ESTps or SLEs value Se, Ni, Fe and Ti, and ESTjs or LSEs value Te, Si, Ne and Fi.


----------



## Pinina (Jan 6, 2015)

Entropic said:


> ESTps or SLEs value Se, Ni, Fe and Ti, and ESTjs or LSEs value Te, Si, Ne and Fi.


Yes, that I know. But according to model A, isn't Se in LSE as strong as Te, if I've understood it right. But Te is valued. What does that mean?


----------



## Ixim (Jun 19, 2013)

Pinina said:


> In MBTI, I'm a pretty obvioud ESTJ.
> A couple of weeks ago, I took a socionics-test and it turned out to show ESTp. I was very suprised, so I started to read a bit about both socionics and both the types, and saw that both the descriptions fit pretty well. I also read a bit about model A (correct me if I make any *misstakes*), and if I understood it correctly, ESTp and ESTj has the same strength of their functions, they just value them differently. But what I can't fully grasp, is what these "valued functions" mean. What would the differences be between an ESTp and an ESTj be? Does the valued functions mean that we like using them?


There is one for starters. It's spelled mistake.

Valued functions are: 1st, 2nd, 5th, 6th. 1st and 2nd are your strongpoints and 5th and 6th are strongpoints of your dual. Your 2nd is emitted in your environment so as to your dual could pick it up and patch their 6th. It's all quite logical.

edit: yes, both Se and Te are equally strong in LSE. But there is one other difference: Te is conscious and Se is unconscious. Meaning you pay attention to one while you just do the other..


----------



## westlose (Oct 9, 2014)

Both LSE and SLE are sensors and thinkers.

But yet their ego are different; LSE is Te-Si and SLE is Se-Ti.

The ego-block represent functions which are part of your conscious psyche, and will define yourself. The base functions will be the core of your psyche. These functions are valued, which means that you will use them most of the time, and will enjoy it.

The super-ego block represent functions which are conscious too, but unvalued. These functions are a source of pain and frustration. You're bad at it and you know it. 

The super-id block is a set of unconscious functions, but deeply valued. They are what you secretly desire (especially the Dual-seeking function). You crave for these functions, because they complete your ego. So they are valued, but low.

The id-block is a set of unconscious and unvalued functions. You know very well how to use them, but they are in contradiction with your ego. So you will ignore them and find them annoying/not worth it.


----------



## Entropic (Jun 15, 2012)

Pinina said:


> Yes, that I know. But according to model A, isn't Se in LSE as strong as Te, if I've understood it right. But Te is valued. What does that mean?

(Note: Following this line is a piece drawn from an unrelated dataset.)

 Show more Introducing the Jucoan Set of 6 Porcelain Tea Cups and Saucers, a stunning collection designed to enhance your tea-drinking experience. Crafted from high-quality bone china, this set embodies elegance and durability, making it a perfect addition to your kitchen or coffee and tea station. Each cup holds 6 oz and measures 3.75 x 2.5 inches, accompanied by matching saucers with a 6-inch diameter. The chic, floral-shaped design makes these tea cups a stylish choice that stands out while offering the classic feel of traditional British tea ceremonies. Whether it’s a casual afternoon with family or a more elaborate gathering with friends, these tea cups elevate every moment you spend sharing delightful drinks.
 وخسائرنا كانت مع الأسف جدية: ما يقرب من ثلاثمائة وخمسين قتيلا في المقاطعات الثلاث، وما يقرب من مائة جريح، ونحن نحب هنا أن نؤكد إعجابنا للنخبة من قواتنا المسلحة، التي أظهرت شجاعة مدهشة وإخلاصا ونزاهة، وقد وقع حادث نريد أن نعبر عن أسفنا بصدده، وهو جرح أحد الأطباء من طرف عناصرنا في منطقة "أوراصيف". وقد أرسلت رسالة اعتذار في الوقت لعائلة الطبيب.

That's not model A but the dimensional theory. Strong isn't the same as valued. Valued is how you prefer to see and understand things, your actual outlook and what information you prefer to exchange with other people.


----------



## Pinina (Jan 6, 2015)

westlose said:


> The id-block is a set of unconscious and unvalued functions. You know very well how to use them, but they are in contradiction with your ego. So you will ignore them and find them annoying/not worth it.

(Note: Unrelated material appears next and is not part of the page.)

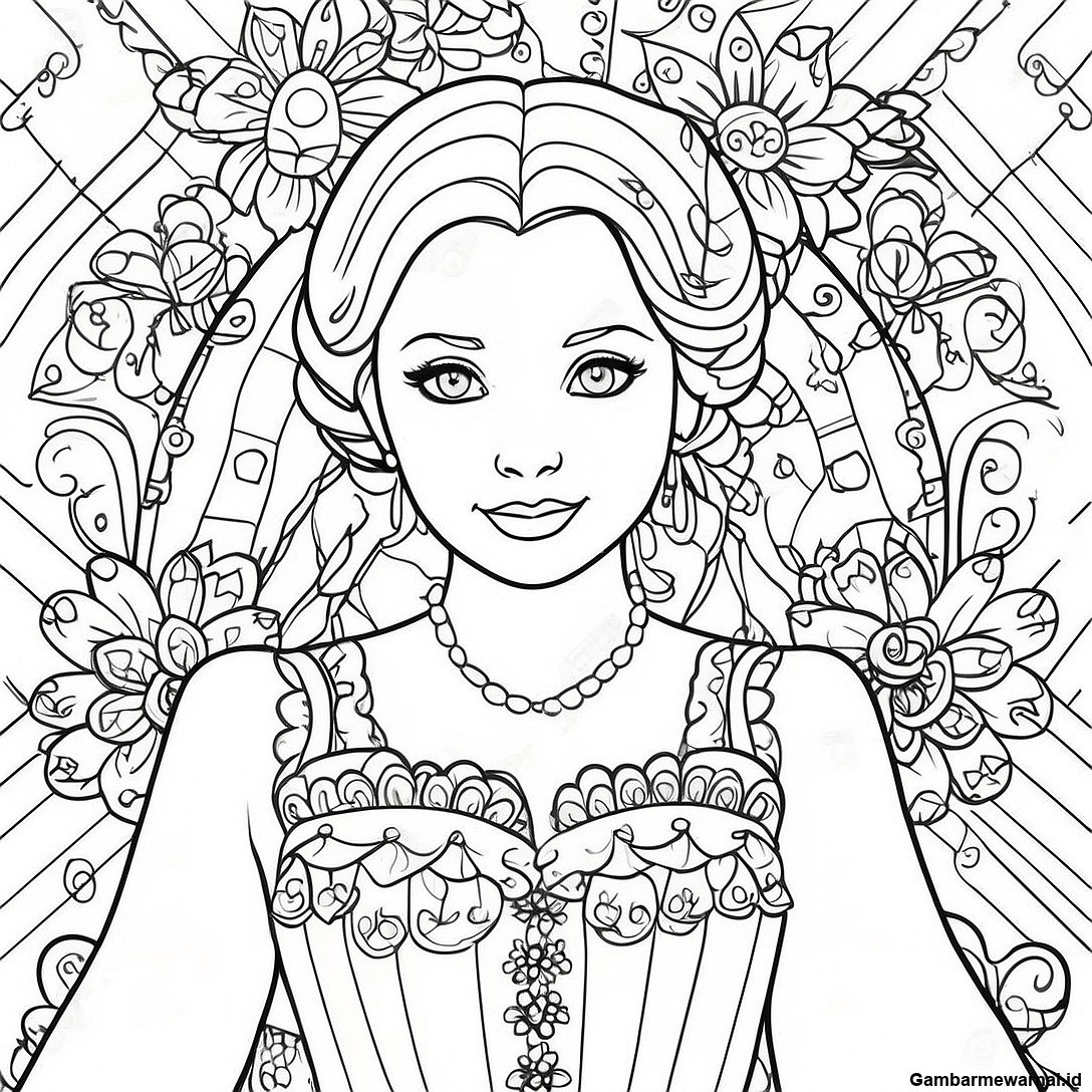 Halaman Mewarnai Anna Dengan Gaun Indah

Great descriptions of all the blocks, thanks! 
Is there any point where we might engage in our id-block, maybe just for fun? Or is it something we're allways trying to avoid?


----------



## To_august (Oct 13, 2013)

Pinina said:


> Great descriptions of all the blocks, thanks!
> Is there any point where we might engage in our id-block, maybe just for fun? Or is it something we're allways trying to avoid?

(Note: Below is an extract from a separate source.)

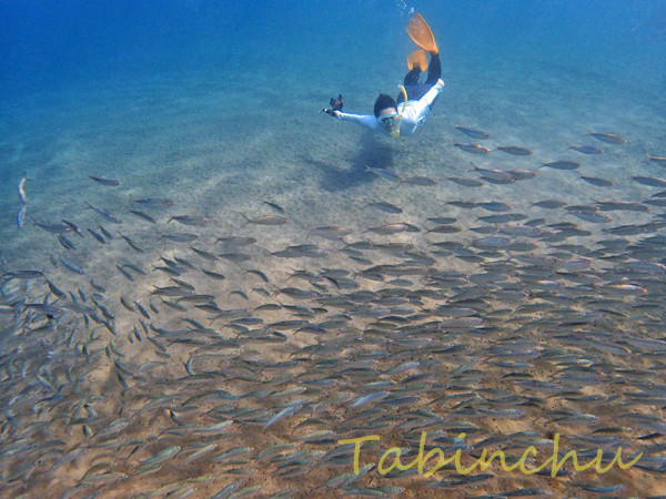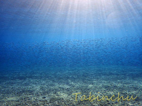 最近ビーチにイワシの大群が押し寄せています。
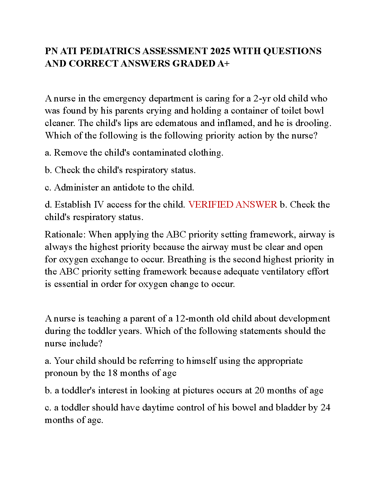 PN ATI Pediatrics Assessment 2025 Exam Practice Questions and Answers by Unknown Author

I don't think we really avoid our id-block. We're just sort of indifferent to it. It's not that interesting to engage in its usage. Demonstrative is quite visible and constitutes an important part of our outlook. It's nearly always turned on, without even us realizing it. 

Ignoring, is... yeah, it's just ignored. Since our base is the Biggest Boss, it pushes its counterpart deep into the unconsciousness, but as it shares the same judging or perceiving dichotomy as the base, it can not be truly weak. I read somewhere that we may engage in our ignoring as a defence mechanism once we encounter situation of informational conflict. When PoLR is activated or base fails to cope with a situation, our ignoring may take the stage and provide fresh perspective on the issue. As long as everything goes smoothly hardly anyone cares for their ignoring.


----------



## ALongTime (Apr 19, 2014)

Pinina said:


> Great descriptions of all the blocks, thanks!
> Is there any point where we might engage in our id-block, maybe just for fun? Or is it something we're allways trying to avoid?


You use all 8 functions all the time, but id functions tend to be more when you're not thinking about thinking; always there in the background and important but not part of your ego. When someone tries to engage your id functions it's boring, and with super-ego it's more annoying. There's probably a big difference between the functions as well, I would say 4 and 7 (PoLR and Ignoring) are by far the least valued (you'd actively avoid/hate using them) compared to 3 and 8 which are still not liked but not to such an extreme.


----------